**TO DO**
Without the pictures, output all of the data exactly.

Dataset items
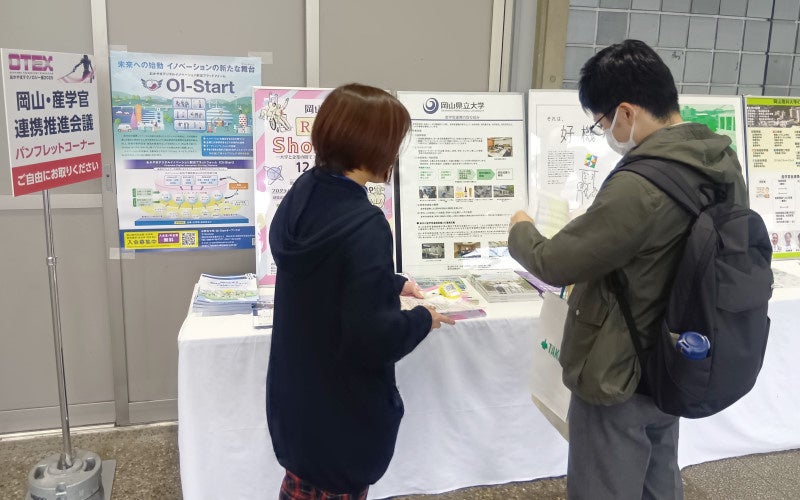 会場では、岡山大学R&D Showcaseのポスターや産学連携パンフレット等の資料を設置するとともに、産学連携コーディネーターや事務職員が展示スペースに常駐し、来場された企業・自治体・支援機関の皆さまに対して、岡山大学R&D ShowcaseやOI-Start、本学の産学連携の仕組み、共同研究、技術相談の流れなどについて説明しました。
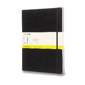 Zápisník s pevnou, ve hřbetu šitou vazbou v kartonových deskách, obepnutý pružnou páskou proti samovolnému otevírání.
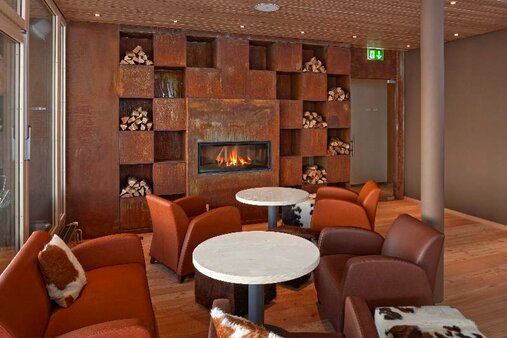 Bei schlechtem Wetter bietet sich die Möglichkeit, sich drinnen bei einem heimeligen Cheminée-Feuer aufzuwärmen.
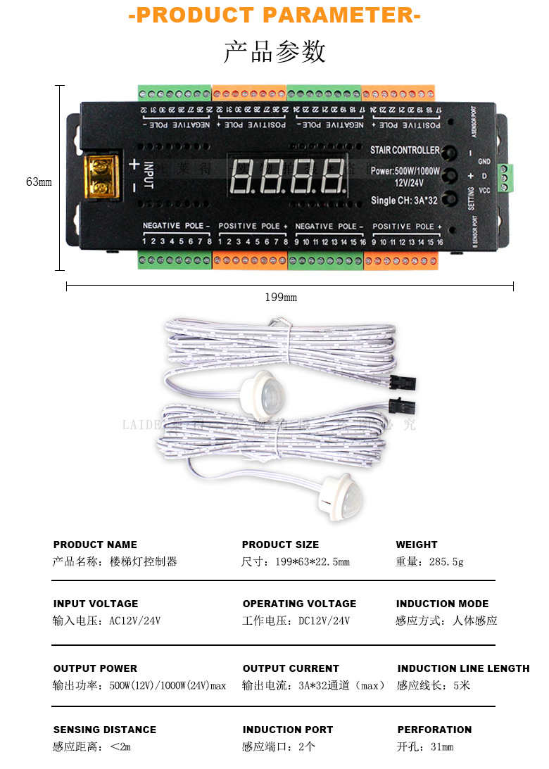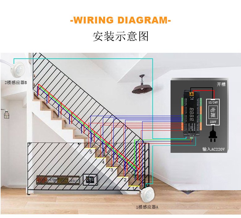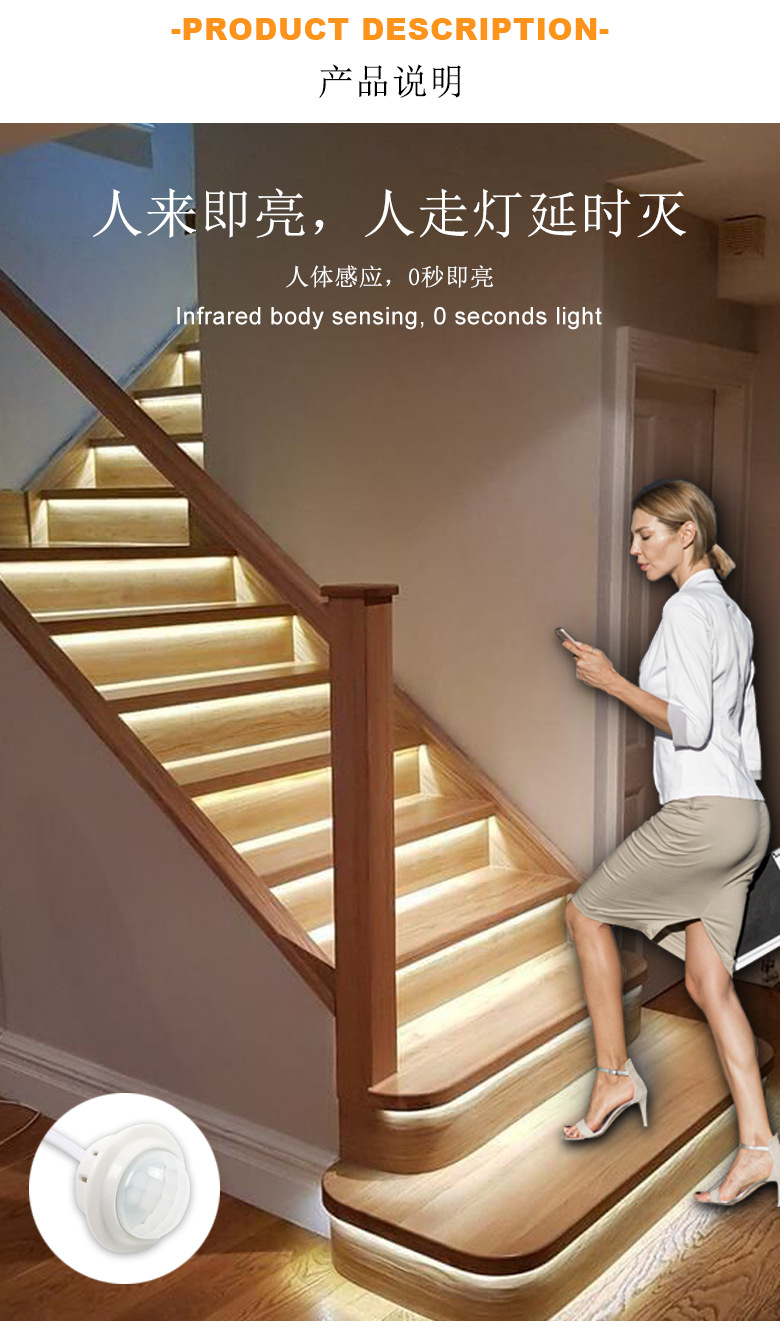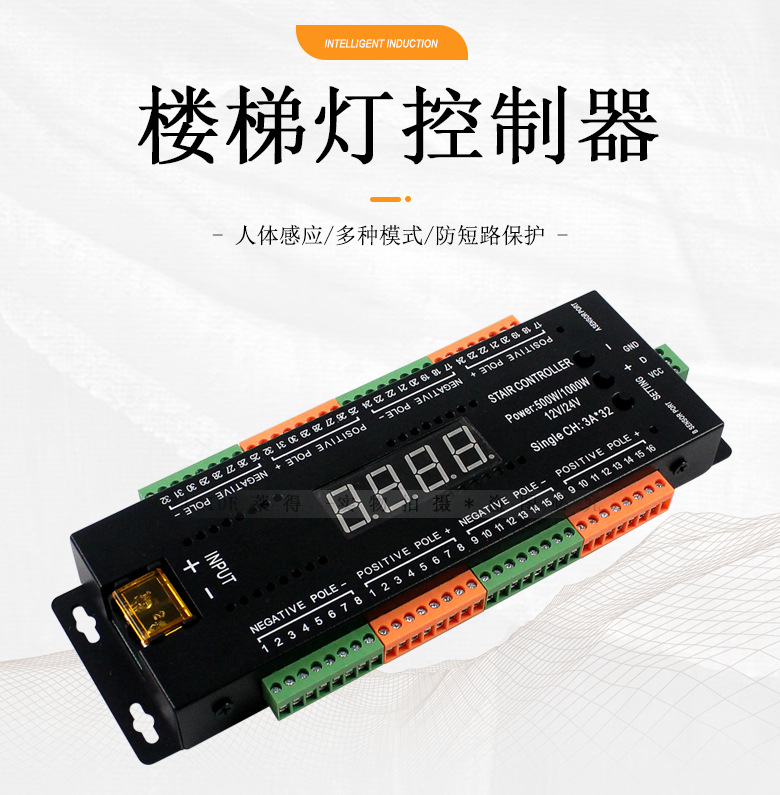 智能网红楼梯灯控制器12-24V楼梯灯台阶跑马踏步灯感应器
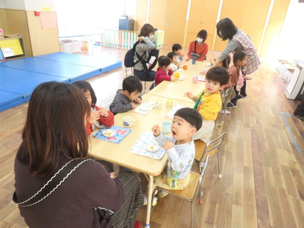 ○2歳児プレ幼稚園どんぐり組みんなで“バナナチップのお菓子”と“のりせんべい”を食べた。子どもたちは「おいしい!」と、喜んで食べていた。
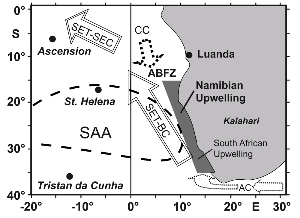 The Benguela upwelling system in the subtropical southeast Atlantic is subject to dramatic interannual fluctuations sometimes termed ‘Benguela Niño’ events. The South Atlantic Anticyclone (SAA) is assumed to be the responsible climatic ‘activity centre’ for the south-east trade winds driving the upwelling processes along the Namibian and South-west African coasts.
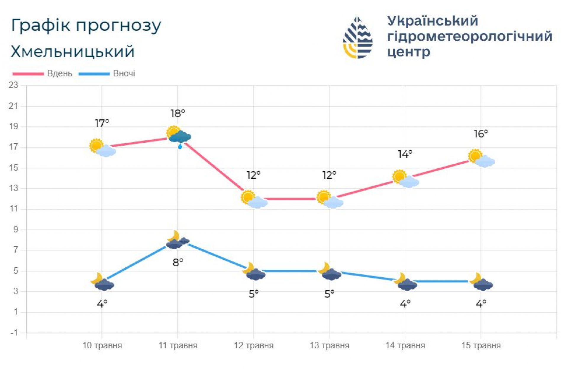 У Хмельницькому вночі прогнозується від 7 до 9 градусів з позначкою «+». Вдень буде 17-19 градусів.
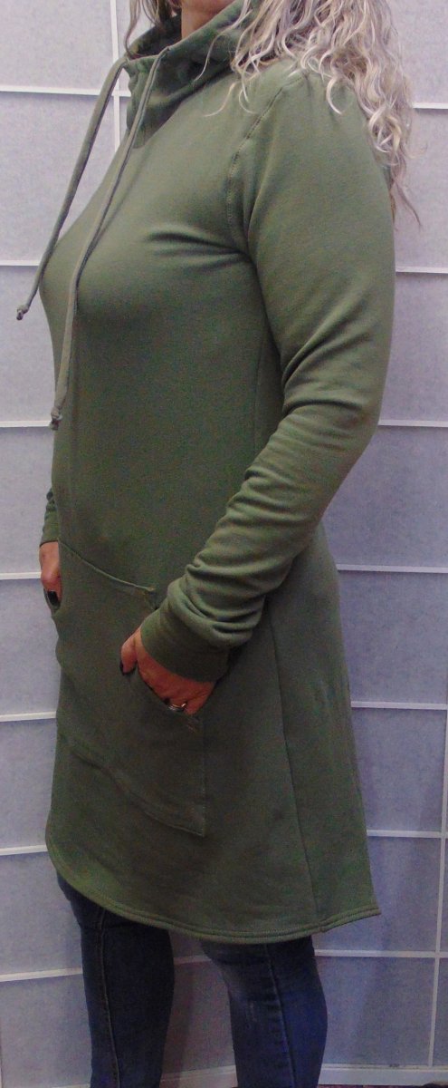 Mikinové šaty jsou ušité z příjemné počesané teplákoviny 95% bavlna, 5% elastan.
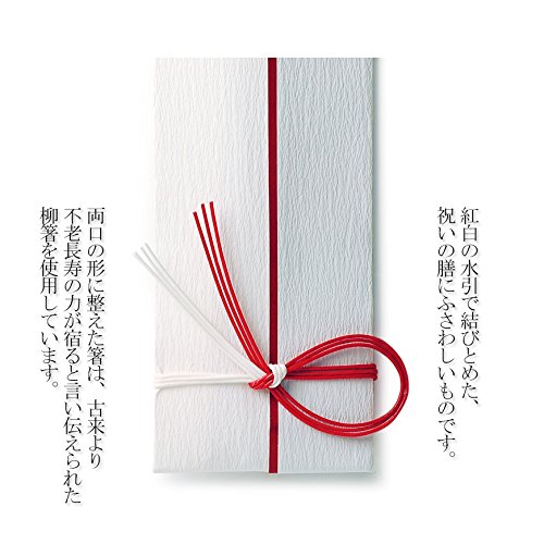 - 紅白の水引で結びとめた、 祝いの膳にふさわしいものです。両口の形に整えた箸は、古来より 不老長寿の力が宿ると言い伝えられた 柳箸を使用しています。
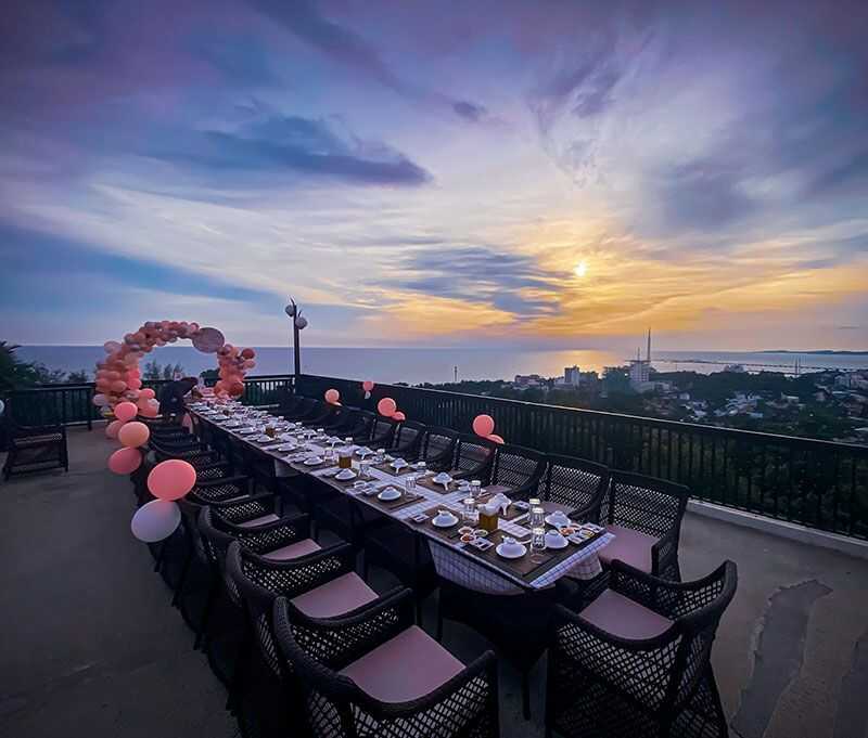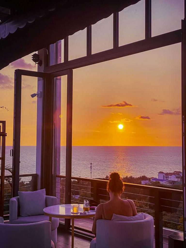 Phú Quốc đẹp hơn khi nhìn ngắm từ trên cao, đặc biệt trong những chiều hoàng hôn đỏ rực đường chân trời, ám sắc xuống mặt biển. Được đặt trên tầng cao nhất, Sơn Trà Hill’s 1973 Bistro & Stay là một trong những nhà hàng cafe có view đẹp nhất đảo Ngọc.

**RESPONSE BELOW**
 会場では、岡山大学R&D Showcaseのポスターや産学連携パンフレット等の資料を設置するとともに、産学連携コーディネーターや事務職員が展示スペースに常駐し、来場された企業・自治体・支援機関の皆さまに対して、岡山大学R&D ShowcaseやOI-Start、本学の産学連携の仕組み、共同研究、技術相談の流れなどについて説明しました。
 Zápisník s pevnou, ve hřbetu šitou vazbou v kartonových deskách, obepnutý pružnou páskou proti samovolnému otevírání.
 Bei schlechtem Wetter bietet sich die Möglichkeit, sich drinnen bei einem heimeligen Cheminée-Feuer aufzuwärmen.
 智能网红楼梯灯控制器12-24V楼梯灯台阶跑马踏步灯感应器
 ○2歳児プレ幼稚園どんぐり組みんなで“バナナチップのお菓子”と“のりせんべい”を食べた。子どもたちは「おいしい!」と、喜んで食べていた。
 The Benguela upwelling system in the subtropical southeast Atlantic is subject to dramatic interannual fluctuations sometimes termed ‘Benguela Niño’ events. The South Atlantic Anticyclone (SAA) is assumed to be the responsible climatic ‘activity centre’ for the south-east trade winds driving the upwelling processes along the Namibian and South-west African coasts.
 У Хмельницькому вночі прогнозується від 7 до 9 градусів з позначкою «+». Вдень буде 17-19 градусів.
 Mikinové šaty jsou ušité z příjemné počesané teplákoviny 95% bavlna, 5% elastan.
 - 紅白の水引で結びとめた、 祝いの膳にふさわしいものです。両口の形に整えた箸は、古来より 不老長寿の力が宿ると言い伝えられた 柳箸を使用しています。
 Phú Quốc đẹp hơn khi nhìn ngắm từ trên cao, đặc biệt trong những chiều hoàng hôn đỏ rực đường chân trời, ám sắc xuống mặt biển. Được đặt trên tầng cao nhất, Sơn Trà Hill’s 1973 Bistro & Stay là một trong những nhà hàng cafe có view đẹp nhất đảo Ngọc.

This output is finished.